→ **Assignment**: Pictures are to be left out, and only the lines below starting at the one with "10-969-6 J-100-59 WSS-10" and ending at the one with "Figura 22 - Menire" are to be reproduced, each exactly, both ends included.

Stored entries:
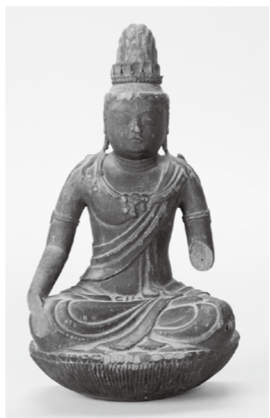
林ヶ峯観音寺菩薩形坐像
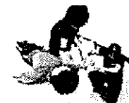
充実のサポート体制 競技団体スタッフによる運搬サポート
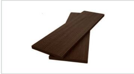
Подступенок/доска заборная 140x12
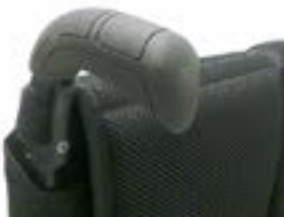
// NSW030201 Schiebegriff, lang
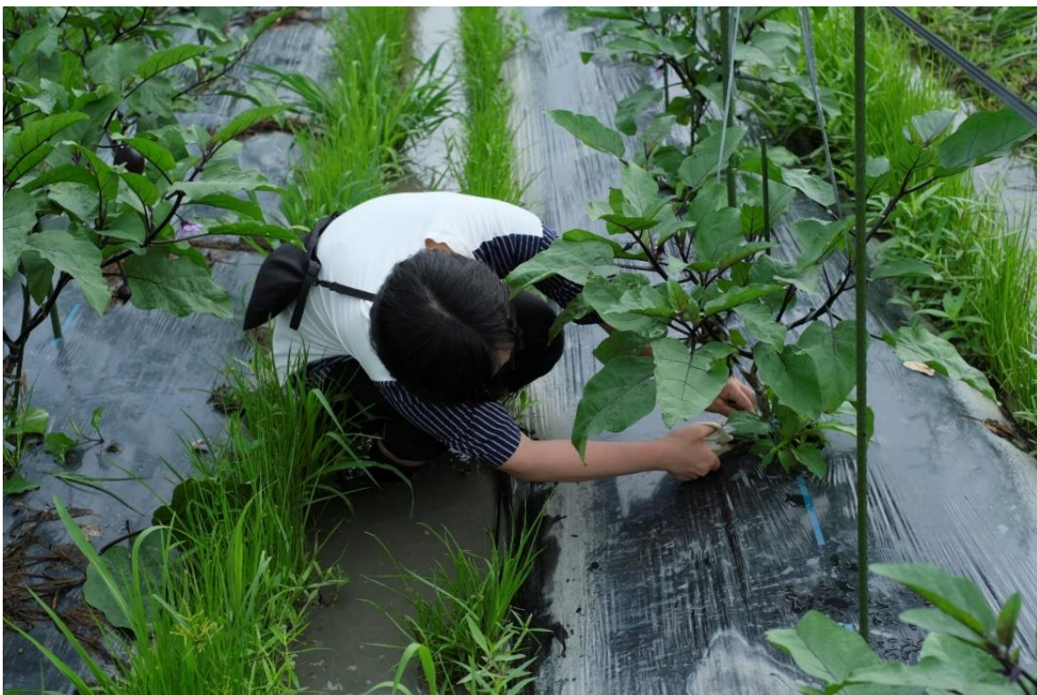
写真12 学生もやってみます。まずは台木のトルバムからです。
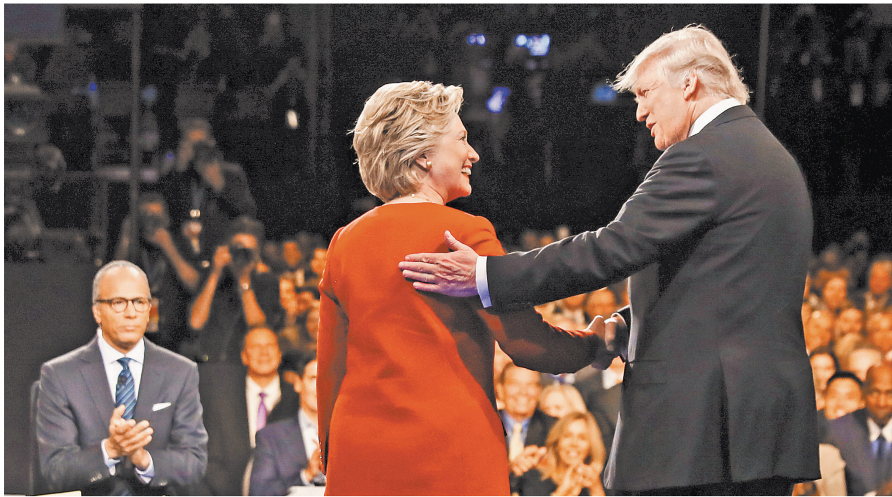
Встреча Клинтон и Трампа началась с обмена любезностями, но скоро от улыбок не осталось следа.

Игорь Дунаевский «Российская газета», Вашингтон
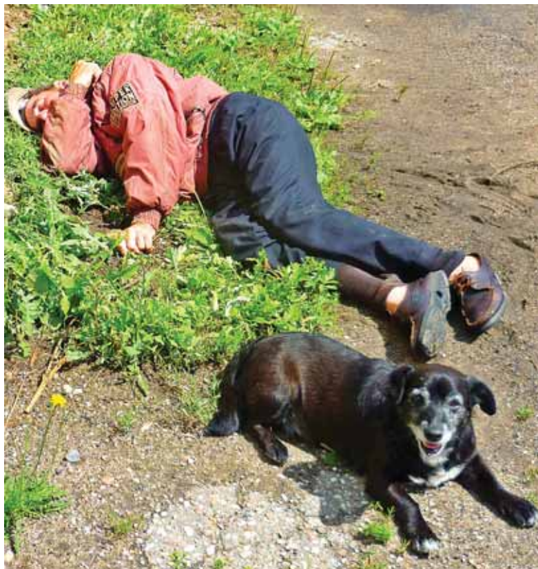
Taip vidury baltos dienos viename Pagėgių krašto kieme keturkojis draugas neseniai saugojo „pavargusį“ savo šeimininką...

Pagėgiškiai pasakojo, kad šitą 59 metų vyrškį iš kažkur buvo parsivežę čigonai, pas kuriuos jis dirbo įvairius darbus. Paskui pastarasis
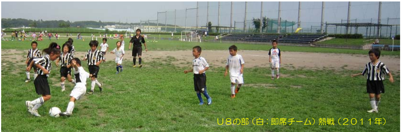
U8の部(白:即席チーム)熱戦(2011年)

サッカークラブに入っていない子どもはもちろん、サッカーチームの子どもも、チームの活動が休みのときは、個人参加で参加してください。フレッシュな体験ができます。
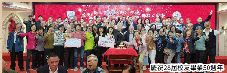
慶祝28屆校友畢業50週年
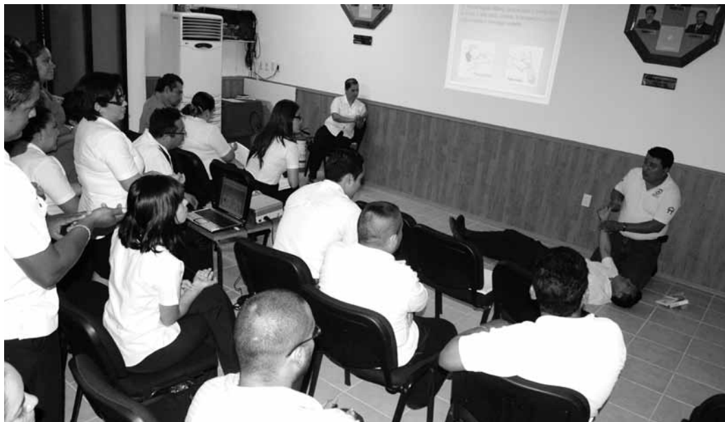
Con amplia información y ejemplos prácticos, el personal del TEQROO recibió la información introductoria a situaciones en las cuales aplicar códigos de protección civil.
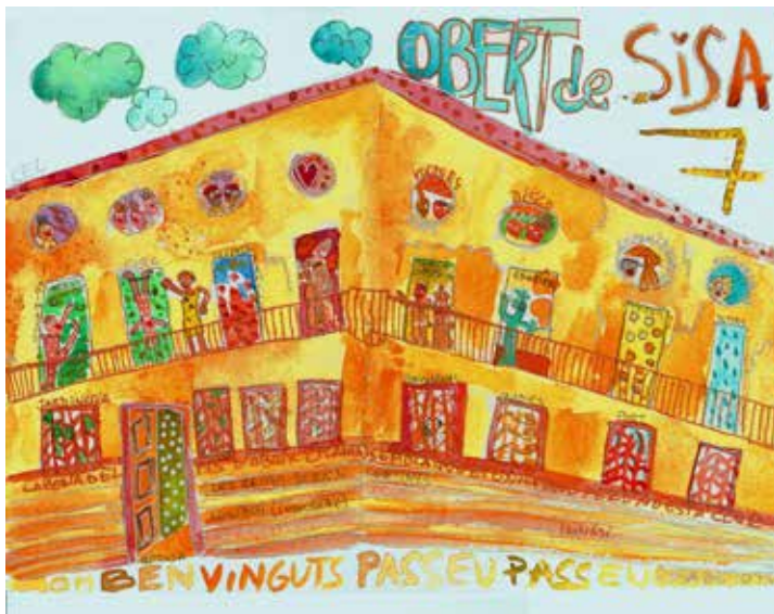
Per Ignasi Riembau

Amb l'opció de pagar des del mòbil, l'usuari guanyarà en comoditat i es resoldran problemes com quan no es porten prou monedes a sobre per poder pagar el parquímetre o l'estacionament s'allarga més del previst i a l'usuari se li acaba el temps del tiquet. L'app Aparcare també serveix per pagar l'estacionament a Calonge, l'Escala Lloret, Olot, Palamós i Pals.
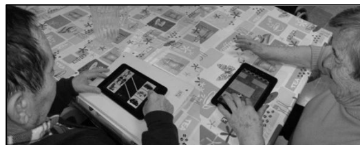
Usuaris del Centre de Dia amb les tauletes.

Els tallers de memòria són una de les activitats que es fan al Centre de Dia de Pratedip, en aquest cas l'eina utilitzada van ser les tauletes tàctils. Van fer laberints, van formar paraules, van relacionar noms amb el dibuix corresponent, etc. Tot i que al principi hi havia certa reticència, ràpidament van familiaritzar-se amb elles. Es pensa repetir l'experiència donada la bona acollida de l'acció.
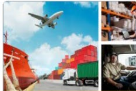
Transport, scheepvaart en logistiek
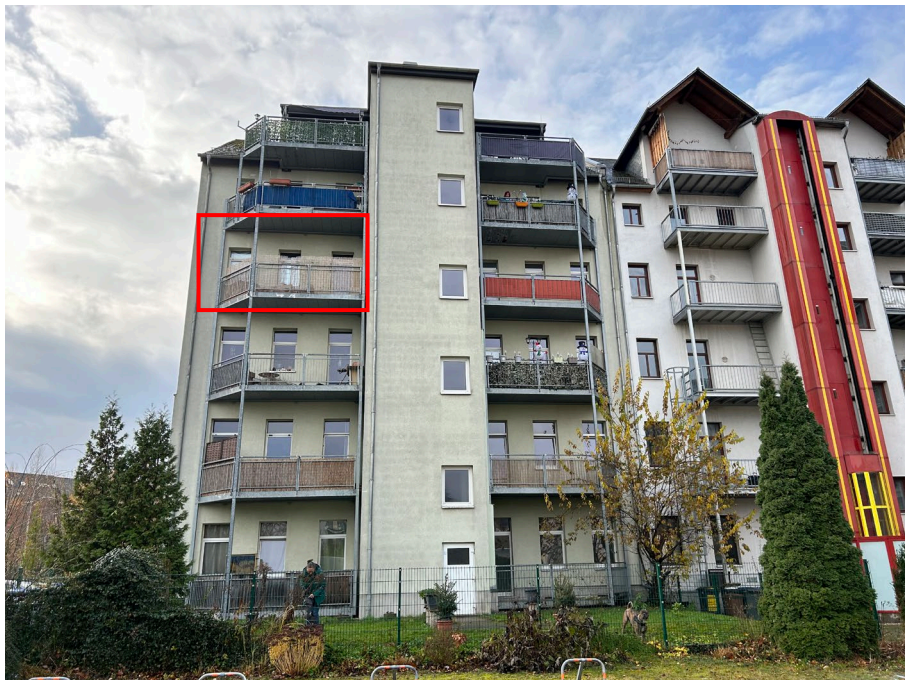
Abb. 02 Gebäuderückansicht und Lage der Wohnung WE 9 im 3.Obergeschoss, Norden
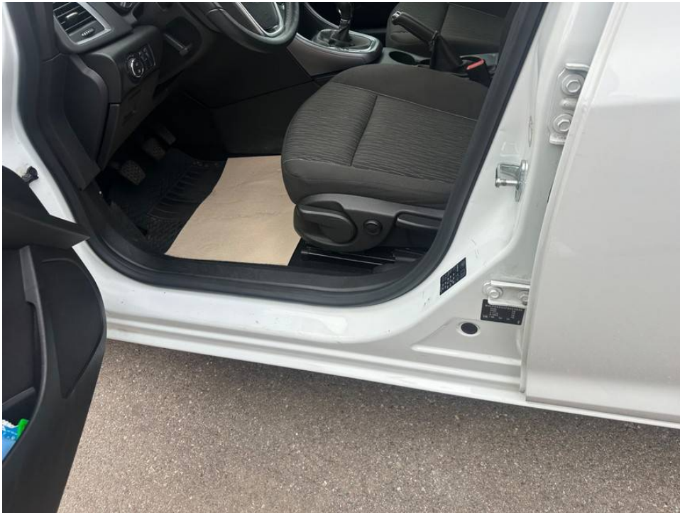
Lackschäden und Dellen B-Säule (Einstieg) vorne links
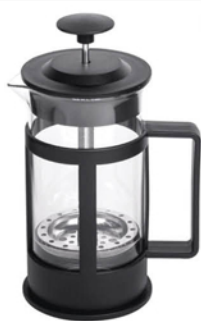
ЧАЙНИК ЗАВАРНИК 192263
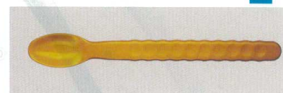
10-969-6 J-100-59 WSS-10 丸スプーン イエロー ¥320 (19.7)
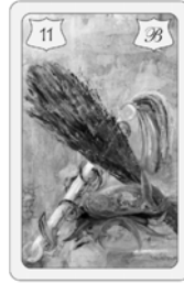
Nr. 11 Rute Ärger / Streit
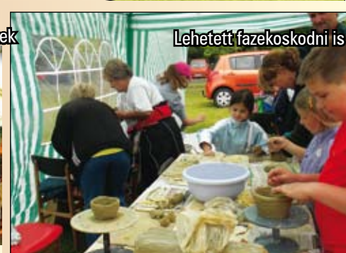
Lehetett fazekoskodni is
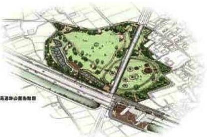
日高遺跡公園鳥瞰図

弥生時代になると前期から中期にかけては墓跡、中期後半から後期では遺跡が丘陵地から低地に分布範囲を広げる傾向があることがわかってきた。集落跡・水田跡・墓跡など居住・生産・墓地が一体となって確認できた日高遺跡などがある。日高遺跡は史跡公園として現地において保存し、一部復元した姿を見学することができる。
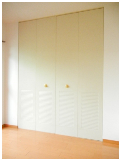
収納もバッチリです！
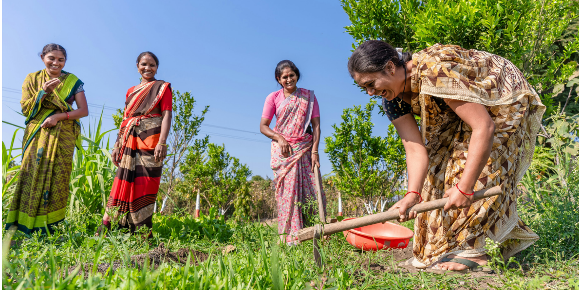
Indische Bäuerinnen in Andhra Pradesh
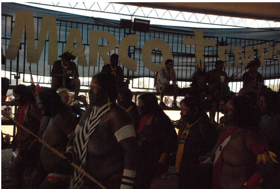
Figura 22 - Menire durante a preparação para a votação do Marco Temporal- 2023

Quando o governo viola os direitos do Povo, a revolta é para o Povo e para cada agrupamento do Povo o mais sagrado dos direitos e o mais indispensável dos deveres. (Declaração de Direitos (do homem e do cidadão), França, 1793)
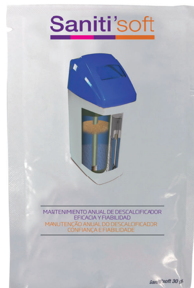
En blister de 6 sobres de 30 gramos

Aplice el contenido completo del sobre en el momento de realizar una carga completa de su depósito de sal:
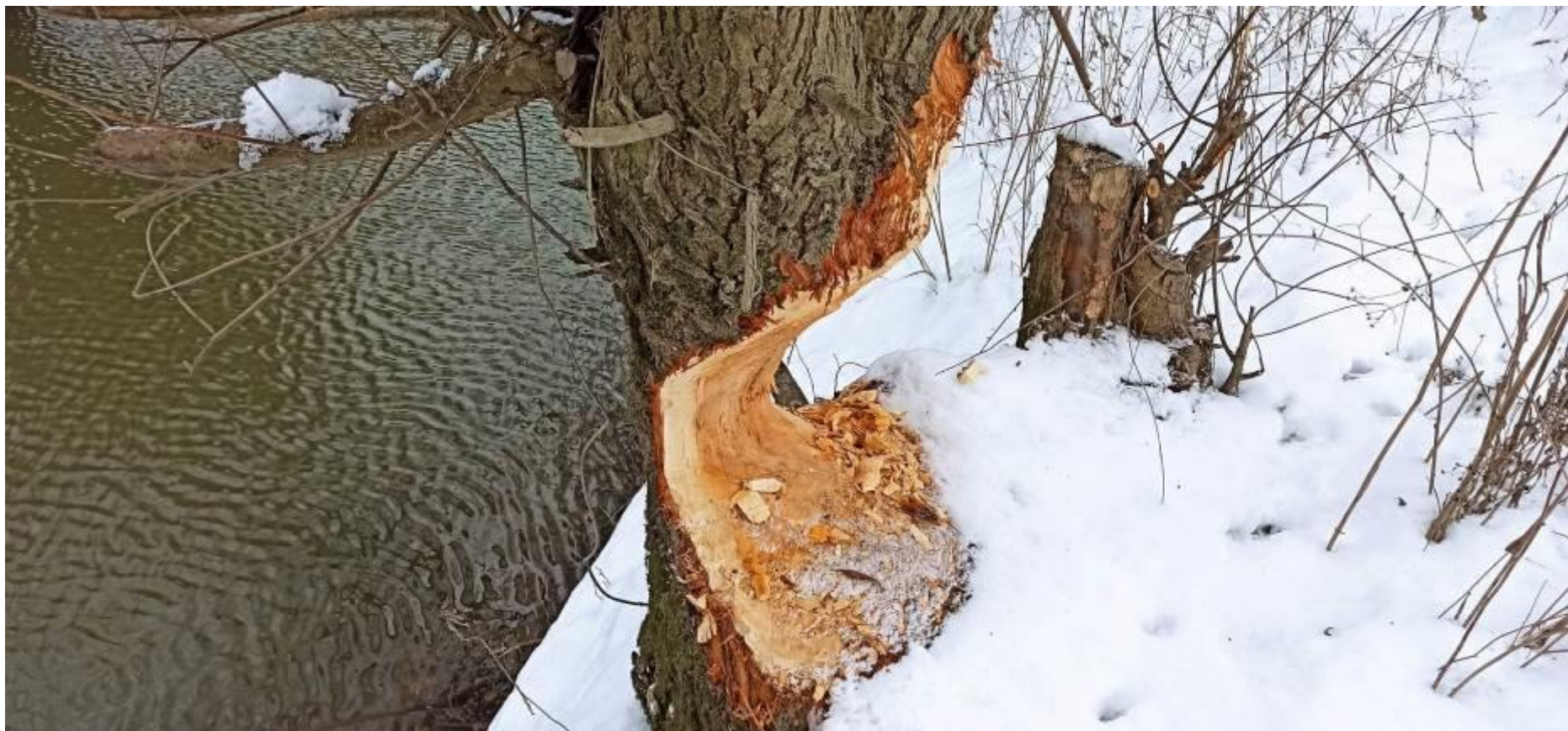
Fot. 9. Ślady obecności bobra Castor fiber
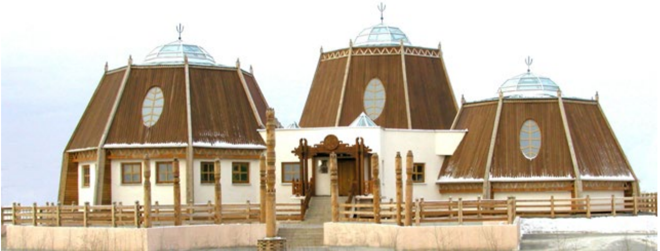
Ил. 6. Центр духовной культуры «Дом Арчы»

( https://dnevniky.ykt.ru/%D0%90%D0%B9%D1%8B%D0%BB5%D0%B0%D0%BD/489843 )
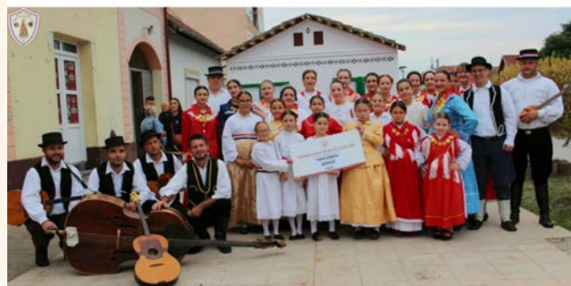
28. MIHOLJSKO KOLO - 75 GODINA KUD-a IVAN GORAN KOVAČIĆ

Miholjsko kolo još je jednom potvrdilo svoju važnu ulogu u očuvanju kulturne baštine i jačanju zajedništva u Lovasu, uz najavu susreta i iduće godine.
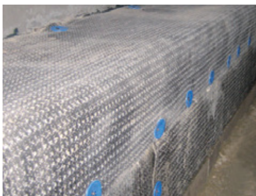
Detail vzájomného napojenia dvoch bentonitových pásov Mapeproof
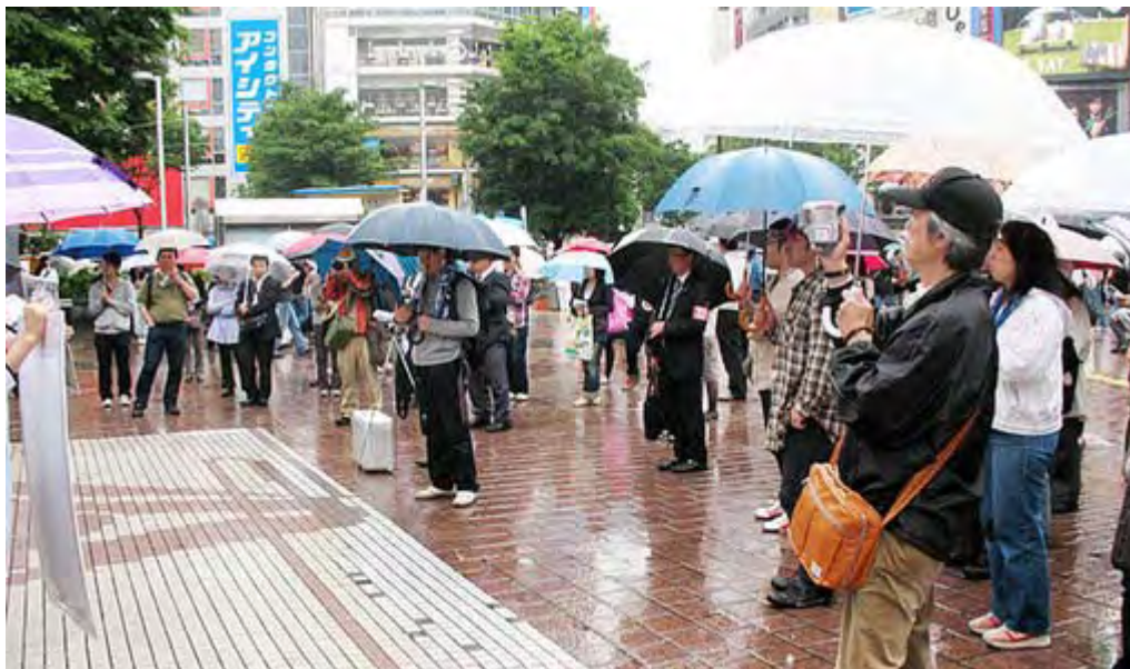
雨の中、90分ちかくずっと聞いていた方も多かったです。

→ **Response for this exercise**:
10-969-6 J-100-59 WSS-10 丸スプーン イエロー ¥320 (19.7)
Nr. 11 Rute Ärger / Streit
Lehetett fazekoskodni is
日高遺跡公園鳥瞰図

弥生時代になると前期から中期にかけては墓跡、中期後半から後期では遺跡が丘陵地から低地に分布範囲を広げる傾向があることがわかってきた。集落跡・水田跡・墓跡など居住・生産・墓地が一体となって確認できた日高遺跡などがある。日高遺跡は史跡公園として現地において保存し、一部復元した姿を見学することができる。
収納もバッチリです！
Indische Bäuerinnen in Andhra Pradesh
Figura 22 - Menire durante a preparação para a votação do Marco Temporal- 2023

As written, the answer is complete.